Opposizioni contro: «È riforma svuotacarceri»
«Dietro a questa riforma ci sono carceri aperte e più “svuotacarceri”: è una legge pericolosissima che ammazza il principio della certezza della pena», ha messo invece in guardia il leghista Nicola Molteni annunciando il no del Carroccio alla fiducia. Sulla stessa linea anche Fratelli d'Italia. Per Ignazio La Russa il ddl introduce infatti «inaccettabili elementi perdonistici perché si ampliano tutte le misure alternative, vere e proprie misure svuota carceri, attraverso cui si lasciano sole le forze dell'ordine a combattere la criminalità, e obbliga i giudici ad applicare una legge che riconosce mille vie di fuga per i criminali». Contrarissima anche Forza Italia, che se la prende con l’«aumento generalizzato dei termini di prescrizione» previsto dal ddl. Per l’azzurro Carlo Sarro questo provocherà «un allungamento altrettanto generalizzato dei tempi del processo, l'esatto opposto di quello cui si avverte bisogno nella nostra società, e soprattutto l'esatto opposto di quelli che sono gli obiettivi che in materia di politica giudiziaria sono stati più volte enunciati dagli organismi e istituti internazionali». Attacca il provvedimento il M5s che parlano di riforma che «non fa nulla per la prescrizione, mette il bavaglio alla stampa con il divieto di pubblicazione delle intercettazioni», tagliandi «i fondi alle intercettazioni stesse, così i magistrati avranno più difficoltà e il tempo contato per chiudere importanti indagini per i reati di corruzione, mafia e terrorismo».

Mdp favorevole alla fiducia
Mdp ha votato invece favorevolmente alla fiducia, come confermato nel corso del dibattito da Nello Formisano. In questa fase «particolare e finale della legislatura», ha spiegato, occorre «la massima responsabilità da parte di tutte le forze politiche per portare a casa alcuni dei provvedimenti piu' importanti per la collettività». Il ddl presenta vari «punti critici» ma dimostra «una rinnovata e positiva attenzione del legislatore verso una delle questioni più sentite dagli italiani, come il funzionamento della giustizia. Sarebbe il caso di dire che l'ottimo è nemico del bene e noi siamo per il bene», ha concluso.

Ucpi: da Parlamento scelta antidemocratica
Fuori da Montecitorio, l’appuntamento con il voto di fiducia che porterà al via libera definitivo alla riforma - all’attezione delle Camere dal 2015 - non piace all’Unione delle Camere penali, che in una nota accusa il Parlamento di «non ascoltare» avvovati e magistrati « che tutti i giorni praticano la giustizia anche se su posizioni contrapposte», adottando un percorso legislativo antidemocratico. La riforma Orlando del porcesso penale «inciderà sui diritti dei cittadini, siano essi imputati o persone offese: consentire che un processo possa durare all'infinito a scapito della sua ragionevole durata per le inefficienze del sistema non ha nulla di ragionevole bensì solo un sapore di autoritarismo».
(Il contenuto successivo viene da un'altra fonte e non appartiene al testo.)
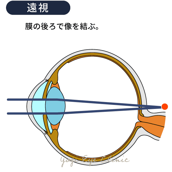 目に入った光が網膜の後ろで像を結ぶ状態です。角膜や水晶体の屈折力が弱いか、眼球が短いために起こります。

Si allunga la prescrizione, stretta su intercettazioni
Il ddl si compone di un unico articolo con 95 commi che spaziano dalla riforma della prescrizione, con la sospensione dei termini che scatta per 18 mesi dopo la condanna di primo grado e altrettanti tra secondo grado e Cassazione, alla delega sulle intercettazioni, con una stretta su quelle irrilevanti. In particolare il governo dovrà predisporre norme per evitare la pubblicazione di conversazioni irrilevanti ai fini dell'indagine e comunque riguardanti persone completamente estranee. Debutta poi la cosiddetta “indagine breve” (entro tre mesi dal deposito degli atti i Pm dovranno scegliere tra la richiesta di rinvio a giudizio e l'archiviazione). Ed è prevista l’estinzione di alcuni reati perseguibili a querela come ad esempio la diffamazione o la truffa, se si paga il risarcimento o se si eliminano le conseguenze dannose del reato.

Pene più severe per voto scambio e furto in abitazione
Tra le altre norme previste, si inaspriscono le pene per reati come il voto di scambio politico mafioso che passa da 6 a 12 anni (ora e' 4-10). Ma ci sono condanne piu' severe anche per furto in abitazione, furto con strappo, rapina.